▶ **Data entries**
####
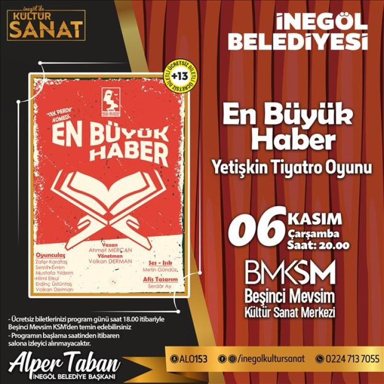 06 Kasım Çarşamba akşamı İnegöl Belediyesi Şehir Tiyatrosunun son oyunu “En Büyük Haber” tiyatro gösterisi 20.00’da İnegöl’de kültür ve sanatın merkezi haline gelen Beşinci Mevsim Kültür Sanat Merkezinde sahnelenecek. 09 Kasım Perşembe günü Bursa Olgunlaşma Enstitüleri iş birliğinde hazırlanan “Hayra Açılan Kapılar” isimli Kapı Tokmakları Sergisi 14.00’da İnegöl Kent Müzesi Serdar Rubacı Sergi Salonunda izlenime sunulacak. 08 Kasım Cuma akşamı 20.30’da Aile Hayatı İyileştirme Derneği (AHİD) iş birliğinde düzenlenen Aile Okulu seminerleri kapsamında Aile Koçu Münir Arıkan’ın “Ailede Şahsiyet Eğitimi” semineri Sani Konukoğlu Konferans Salonunda gerçekleştirilecek. 09 Kasım Cumartesi günü 14.00’da Beşinci Mevsim KSM’nde “Oyun Arkadaşım” isimli çocuk tiyatrosu 6-12 yaş arası çocuklar için minik sanatseverlerle buluşacak. 15 Kasım Cuma akşamı Aile Okulu programları kapsamında Psiko-Hekim Abdülaziz Yılmaz’ın “Örnek ve Rol Model Anne Baba Olmak” semineri 20.30’da Sani Konukoğlu Konferans Salonunda gerçekleştirilecek. 16 Kasım Cumartesi günü 14.00’da “Rüyanın Rüyası” çocuk tiyatro gösterisi Beşinci Mevsimde gerçekleştirilecek. 22 Kasım Cuma akşamı Aile Okulu programları kapsamında Eğitimci İlahiyatçı Hasan Basri Balcı’nın “Huzurlu Aile ve Fetih Nesli” semineri 20.30’da Sani Konukoğlu Konferans Salonunda gerçekleştirilecek. 23 Kasım Cumartesi günü 14.00’da “Karagözün Dişi” gölge oyunu çocuklar için Beşinci Mevsim KSM’nde sahnelenecek. 27 Kasım Çarşamba akşamı 20.00’da Beşinci Mevsim KSM’nde İnegöl Belediyesi Türk Sanat Müziği Korosu konseri gerçekleştirilecek. 29 Kasım Cuma akşamı 20.00’da Beşinci Mevsim KSM’nde İnegöl Belediyesi Şehir Tiyatrosunun sahneye taşıdığı “Ayyar Hamza” yetişkin tiyatro gösterisi izleyici ile buluşacak. Yine 29 Kasım Cuma akşamı 20.30’da Sani Konukoğlu Konferans Salonunda Aile Okulu programları kapsamında Eğitimci İsmail Güler’in “Toplumun Çekirdeği Aile” konulu semineri gerçekleştirilecek. 30 Kasım Cumartesi günü ise 14.00’da Beşinci Mevsim KSM’nde yapılacak “Mimdo’nun Aradığı Çocuk” isimli çocuk tiyatro gösterisi ile Kasım ayı etkinlikleri tamamlanmış olacak.
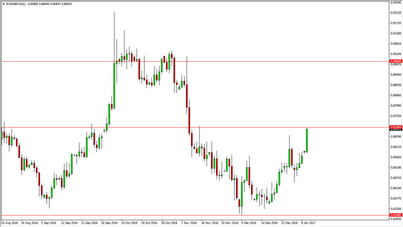 The EUR/GBP pair is testing a major resistance barrier in the form of the 0.87 level above, which breaking that would of course be a very bullish sign. At that point, I would anticipate that the market would then reach towards the 0.89 handle, and even possibly the 0.90 level. An exhaustive candle in this area would be an excellent selling signal, but we need to see that happen on the close of the daily chart in order to take that signal seriously. In the meantime, standing on the sidelines and waiting for clarity is the best way to deal with this type of action.
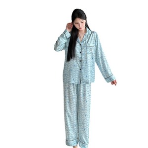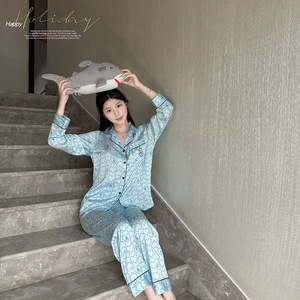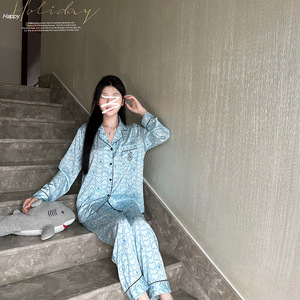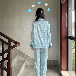 【刺繍愛】春と秋の新型女性可愛い氷の薄いパジャマ長袖シルクの家庭服セット
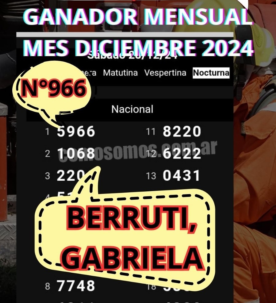 A través del sorteo realizado el sábado pasado por lotería nocturna nacional , se definió al segundo afortunado del bono contribución 2024/2025 de los Bomberos Voluntarios de El Trébol. Con el número 966, Gabriela Berrutti se llevó un premio en efectivo de $40.000.-
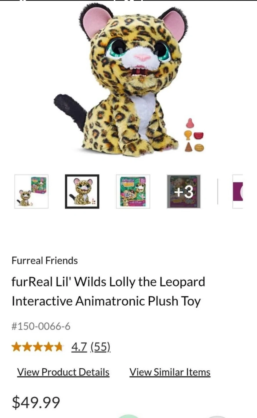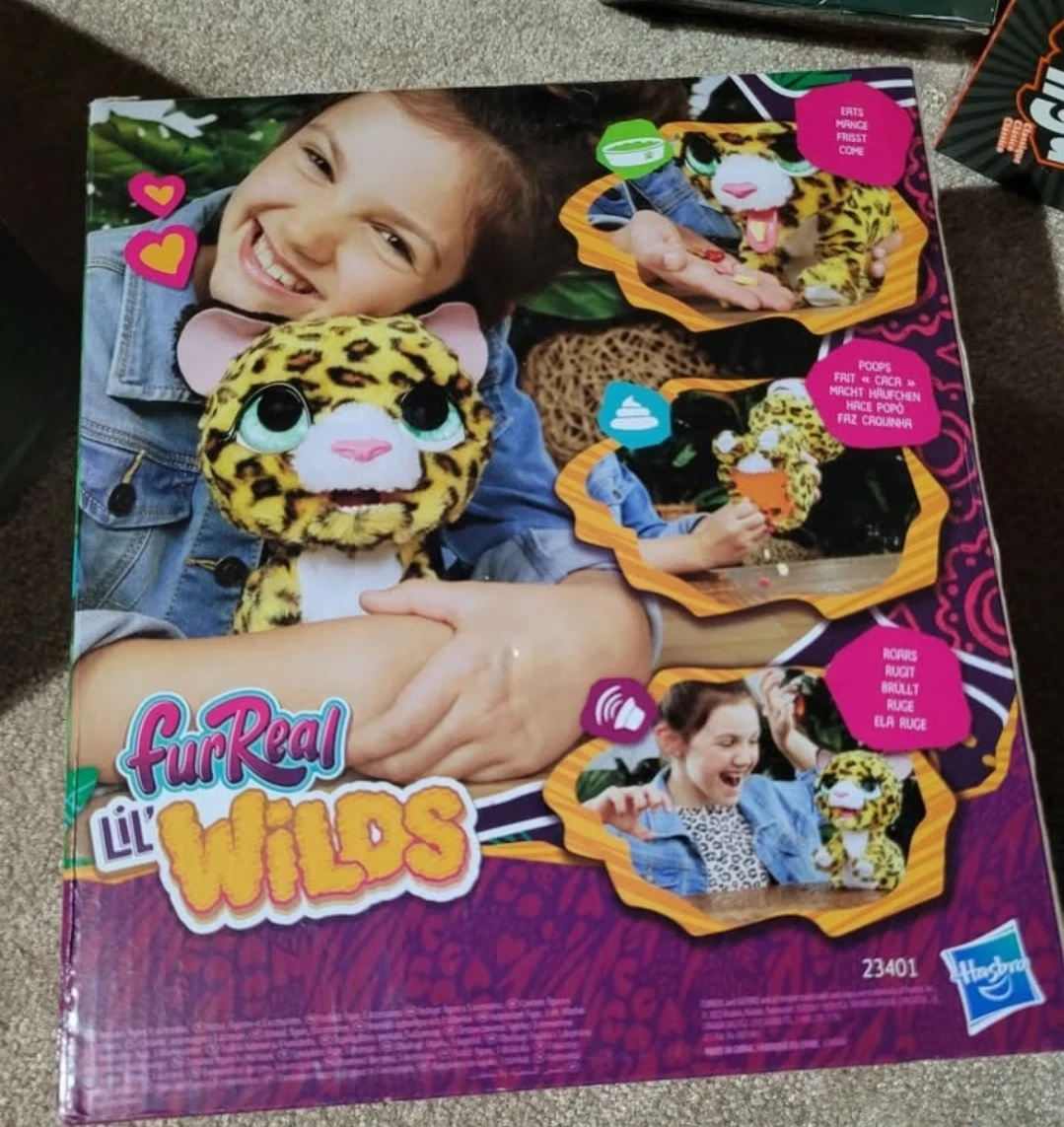 Selling a FurReal Lil' Wilds Lolly the Leopard Interactive Animatronic Plush Toy! This adorable plush toy is ready for a new home. It comes with its treats and makes over 35 sounds and reactions. Ages 4+
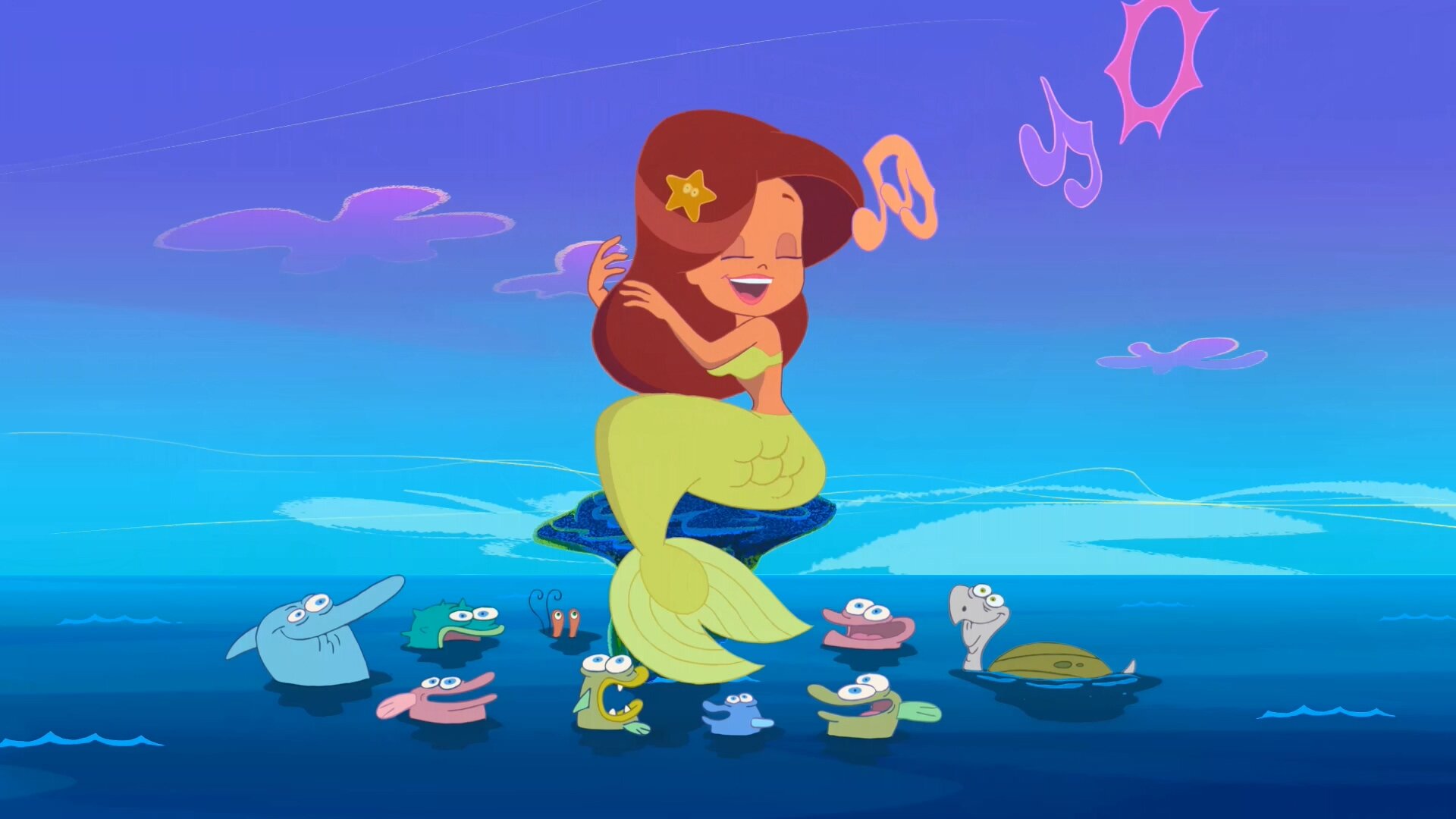 Зиг — всегда озлобленная и вечно голодная гиена. Он мечтает поймать прекрасную русалку Марину себе на обед. Чтобы заполучить ее, Зиг даже подружился с моллюском Берни, живущим неподалеку от желанной добычи… Но славной русалочке нечего бояться, ведь ей на помощь всегда готова прийти гигантская акула Шарко. Шарко бесстрашен и рад защитить свою подружку в любой ситуации!
####
▶ **WORK TO BE COMPLETED**
What you return must match, line for line, the records from the line containing "Selling a FurReal" through their end, with both ends included and no pictures.

▶ **WORKED SOLUTION**
 Selling a FurReal Lil' Wilds Lolly the Leopard Interactive Animatronic Plush Toy! This adorable plush toy is ready for a new home. It comes with its treats and makes over 35 sounds and reactions. Ages 4+
 Зиг — всегда озлобленная и вечно голодная гиена. Он мечтает поймать прекрасную русалку Марину себе на обед. Чтобы заполучить ее, Зиг даже подружился с моллюском Берни, живущим неподалеку от желанной добычи… Но славной русалочке нечего бояться, ведь ей на помощь всегда готова прийти гигантская акула Шарко. Шарко бесстрашен и рад защитить свою подружку в любой ситуации!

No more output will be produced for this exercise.